5. Specialized lifecycle

Stage Specialization
0 Problem Black-box optimization, non-differentiable/multimodal
1 Data Define representation and fitness function
2 EDA Fitness landscape topology (multimodal?)
3 Modeling Operators, population size, rates
4 "Training" Evolve generations until convergence
5 Evaluation Best-solution quality, diversity, convergence
5.5 Acceptance Solution robustness, overfitting to fitness
6 Production Use the found solution (or evolve online)
7 Monitoring Stagnation, loss of diversity
8 Retraining Re-evolve if the problem changes
9 Governance As per application

6. Capabilities, modes and modalities

Creative optimization: engineering design, scheduling, evolutionary generative art, hyperparameter/architecture search; explores without gradients.

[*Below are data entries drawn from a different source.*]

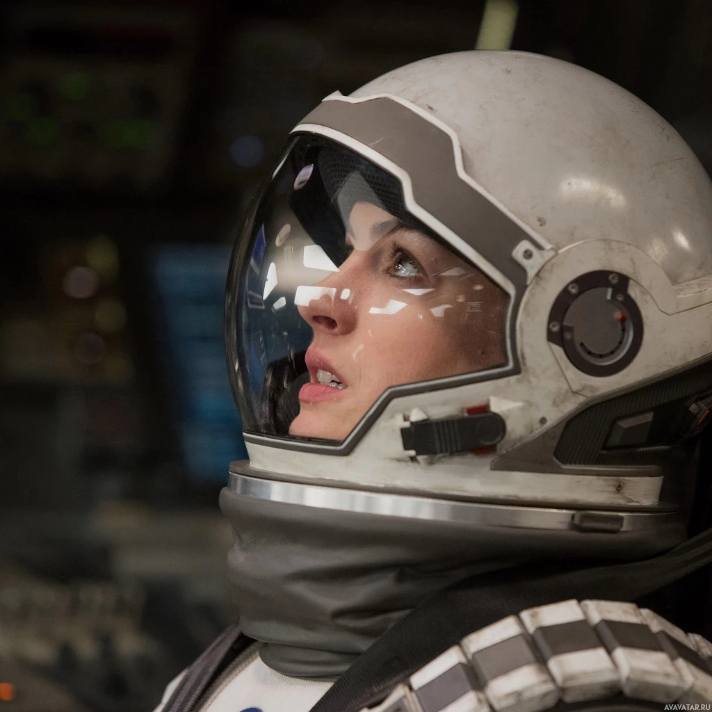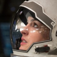 a spacecraft cockpit. She is wearing a spacesuit with the helmet off, revealing her face and upper body. Her expression seems contemplative or focused, looking out towards something not visible in the picture. The setting suggests a movie or a realistic depiction of an astronaut's environment during a mission, given the presence of
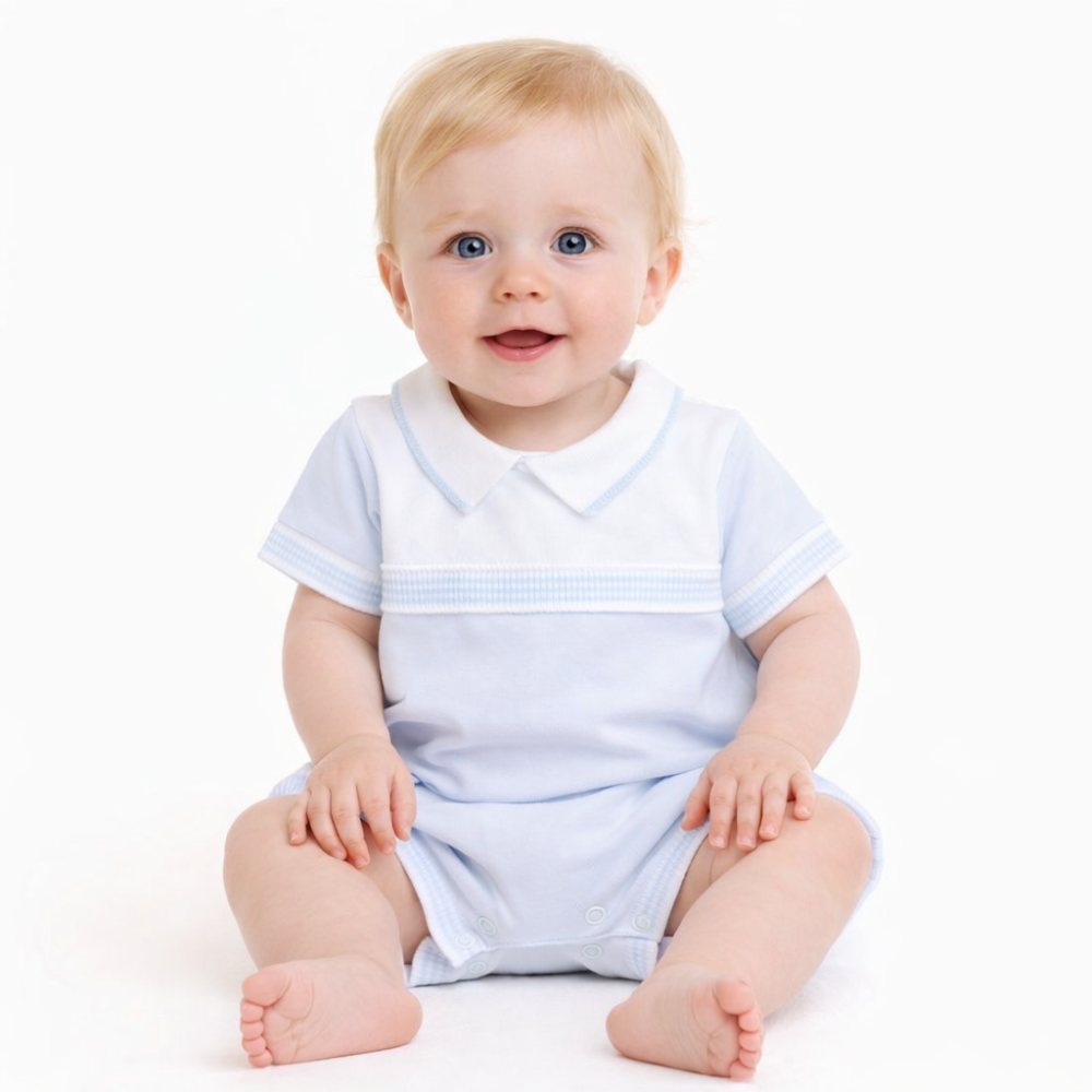 Boys Deolinda Marshmallow white & blue romper.
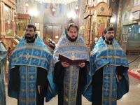 Его Высокопреосвященство совершил чинопоследование акафиста Божией Матери в кафедральном соборе Рождества Христова
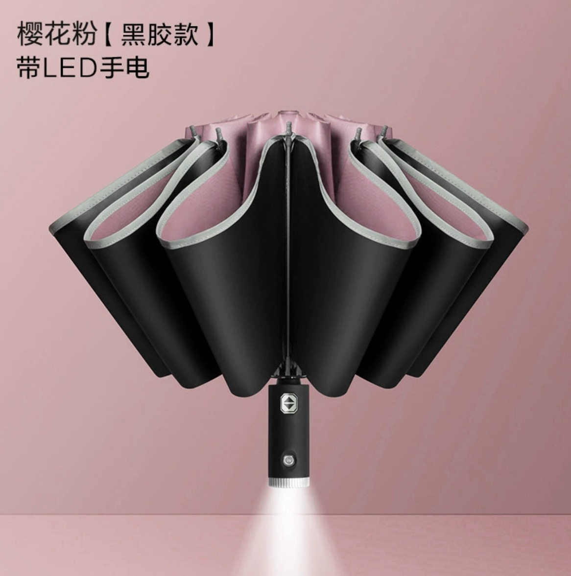• LED 회전 우산 손잡이-10 뼈 핑크 레드
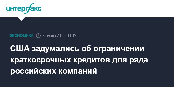 Москва. 31 июля. INTERFAX.RU – США могут запретить предоставление краткосрочных кредитов компаниям РФ, включенным в санкционный список, а также торговлю производными инструментами, если будет принято решение о дальнейшем ужесточении санкций в отношении России, сообщает агентство Bloomberg.
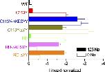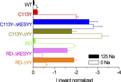 Figure 4. Comparison of the magnitude of ouabain-sensitive inward current in each pump type at −180 mV (−160 mV for WT) in the absence or presence of 125 mM Nao after normalization by the ouabain-sensitive pump current activated by 15 mM [Ko] at the −50-mV holding potential in the same oocyte and [Nao] to allow for differences in expression. Open bars, absence of 125 mM Nao; closed bars, presence of 125 mM Nao. Mean values are −0.04 ± 0.02, n = 4, in 125 mM Nao and −0.17 ± 0.05, n = 4, in 0 mM Nao for WT Na/K pumps (black); −0.20 ± 0.03, n = 8, in 125 mM Nao and −2.0 ± 0.1, n = 8, in 0 mM Nao for C113Y (red); −2.6 ± 0.4, n = 5, in 125 mM Nao and −2.8 ± 0.4, n = 5, in 0 mM Nao for C113Y-ΔKESYY (blue); −1.8 ± 0.2, n = 6, in 125 mM Nao and −3.2 ± 0.6, n = 6, in 0 mM Nao for C113Y-ΔYY (olive); −0.10 ± 0.02, n = 7, in 125 mM Nao and −1.9 ± 0.1, n = 7, in 0 mM Nao for RD (green); −1.6 ± 0.1, n = 8, in 125 mM Nao and −0.43 ± 0.03, n = 8, in 0 mM Nao for RD-ΔKESYY (magenta); and −1.9 ± 0.1, n = 7, in 125 mM Nao and −0.60 ± 0.08, n = 7, in 0 mM Nao for RD-ΔYY (orange). Error bars represent SEM.
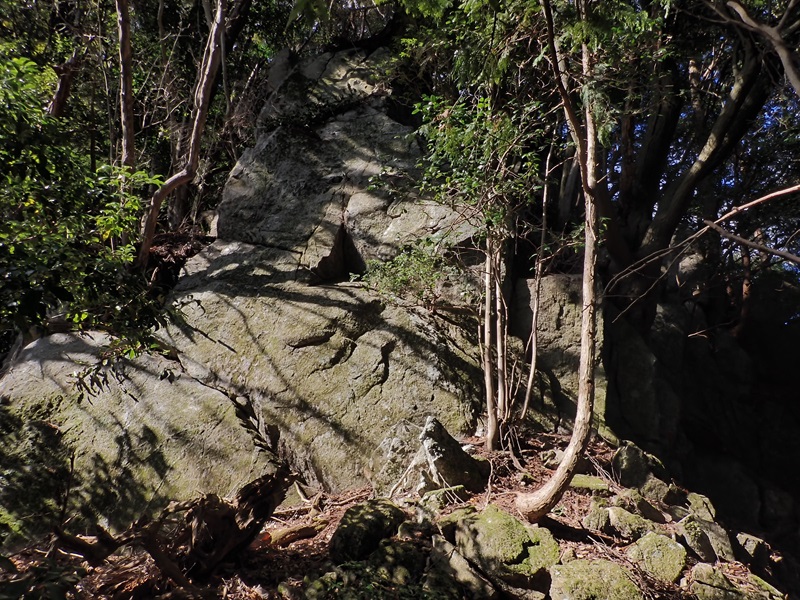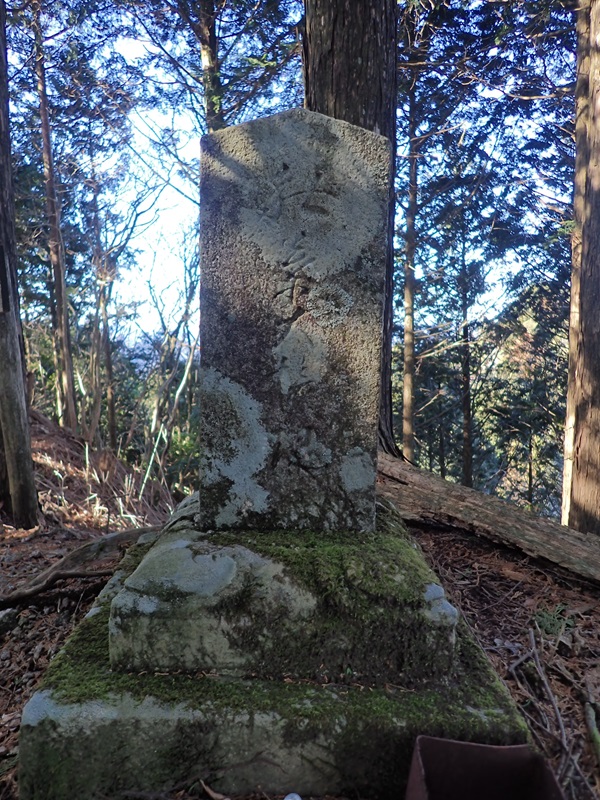 この先も自然林のいやらしい斜面があるが、炭焼きで使われたアガリコが出てきて道が安定してくる。登山道に合流し急な上りをこなすと大日展望台で、秋葉大権現が祀ってある。春分の日には、掘坂山の奥にある神島からの朝日が眺められるだろう。
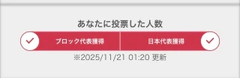みなさまの投票のおかげでブロック代表の
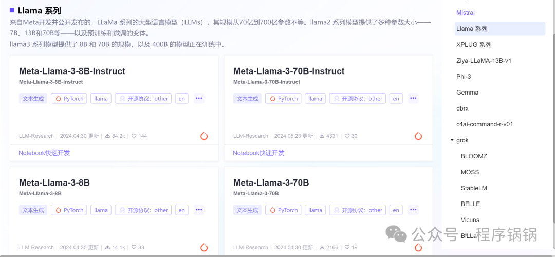 一般来说我们可以在modelscope中搜索最新的大模型,以Llama系列为例子。其中
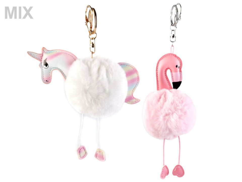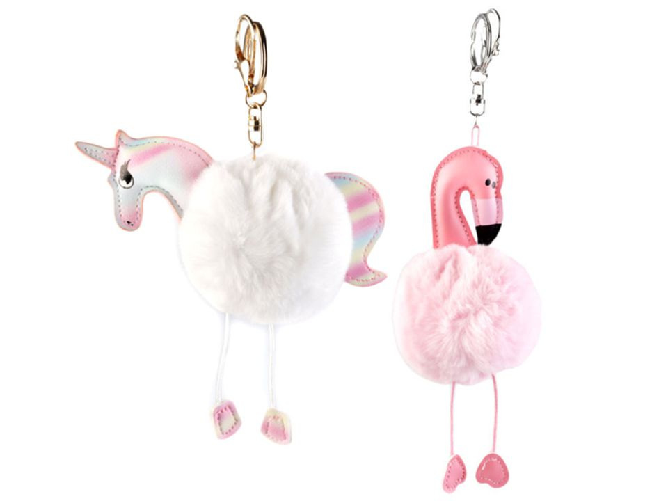 Kožešinový přívěsek jednorožec a plameňák nadchne slečny všech věkových kategorií.
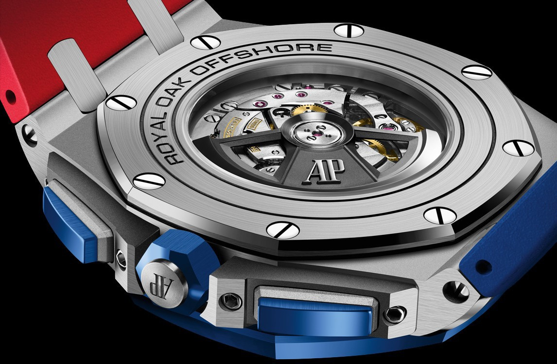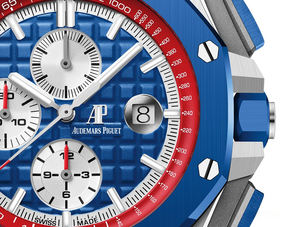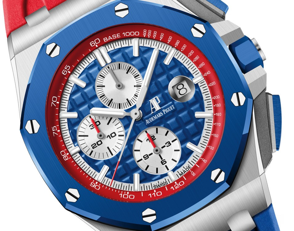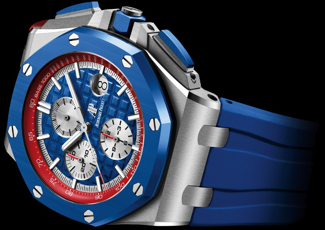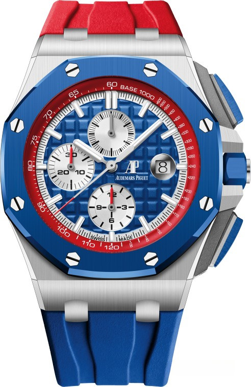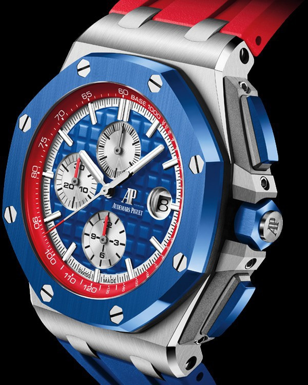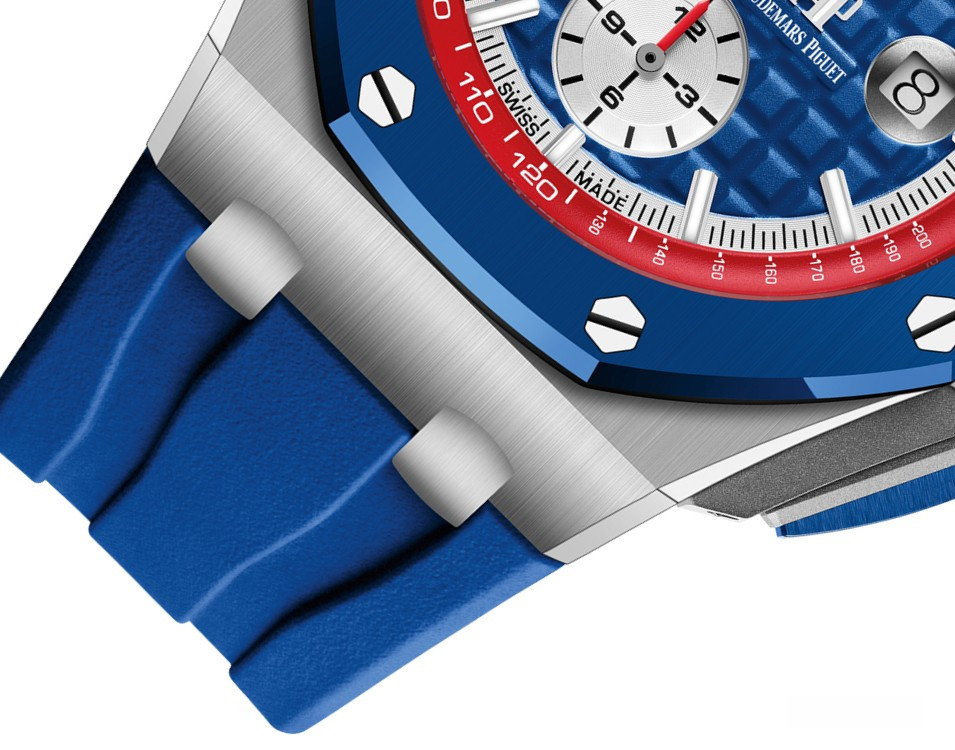 Часы Audemars Piguet Royal Oak Offshore Chronograph 44 mm с функцией хронографа выпущены в корпусе из нержавеющей стали и керамики, размером 44 х 14.4 мм и водонепроницаемостью 100 м. Внутри корпуса установлен автоматический механизм, Калибр АР 3126/3840. На синем 'Mega Tapisserie' циферблате отображаются часы, минуты, секунды, дата, тахиметр. Запас хода составляет 50 часов. Часы комплектуются каучуковым ремешком с вставкой из нержавеющей стали.
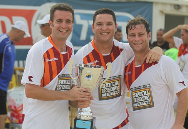 כוכבי ערוץ הספורט-פשכצקי,אקרמן ויונתן כהן חוגגים עם הגביע.(צילום: שלומי גבאי)
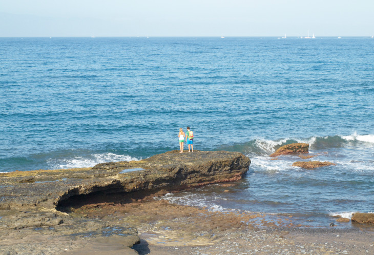Остаток дня мы решили провести в нашем туристическом городе. Лас-Америкас как курорт начал развиваться только в 70-е годы XX века. До этого времени юг острова был ненаселенной территорией с каменистыми подходами к воде. Но благодаря своему уникальному климату (средняя годовая температура +26 градусов, без резких скачков), эту местность решили облагородить: сделали насыпные пляжи и построили множесво отелей и аппартаментов. Песок в Лас-Америкасе серый, так как это смешанный черный тенерифский песок со светлым песком из Сахары. Все пляжи здесь - это небольшие бухточки, и почти на всех есть волнорезы из огромных черных камней. С камней можно попытаться ловить рыбу. Официальное разрешение на рыбалку стоит около 15 евро на год, но вряд ли у вас его кто-то попросит. Мелкую рыбешку можно увидеть у самого берега. Она совершенно спокойно плавает под ногами купающихся людей. Вместо привычной кукурузы и барабульки на пляжах Тенерифе предлагают свежие фрукты и массаж. Есть пляж для серферов (рядом находится playa del Camision). Тут же не далеко есть макдональдс с бесплатной wi-fi зоной. Единственный пляж без волнорезов в этой туристической зоне так и называется Playa de las Americas. В торговом центре у пляжа Playa de las Guevitas расположилось агенство Dam Tenerife. Здесь можно приобрести билет на экскурсии, проводимые на русском языке, а так же обратиться за любой консультацией по острову. Вам с радостью расскажут, куда можно съездить на арендованном авто (как правило, экскурсионные автобусы в таких местах не останавливаются).

7. Limits, risks and ethics

Computational cost (many evaluations); no guarantees; sensitive to parameters; reward/fitness hacking. Strength: non-differentiable and multimodal spaces.

8. State of the art and examples

CMA-ES (black-box optimization), neuroevolution (ch. 24), evolutionary NAS, quality-diversity (MAP-Elites); the niche where gradients do not exist.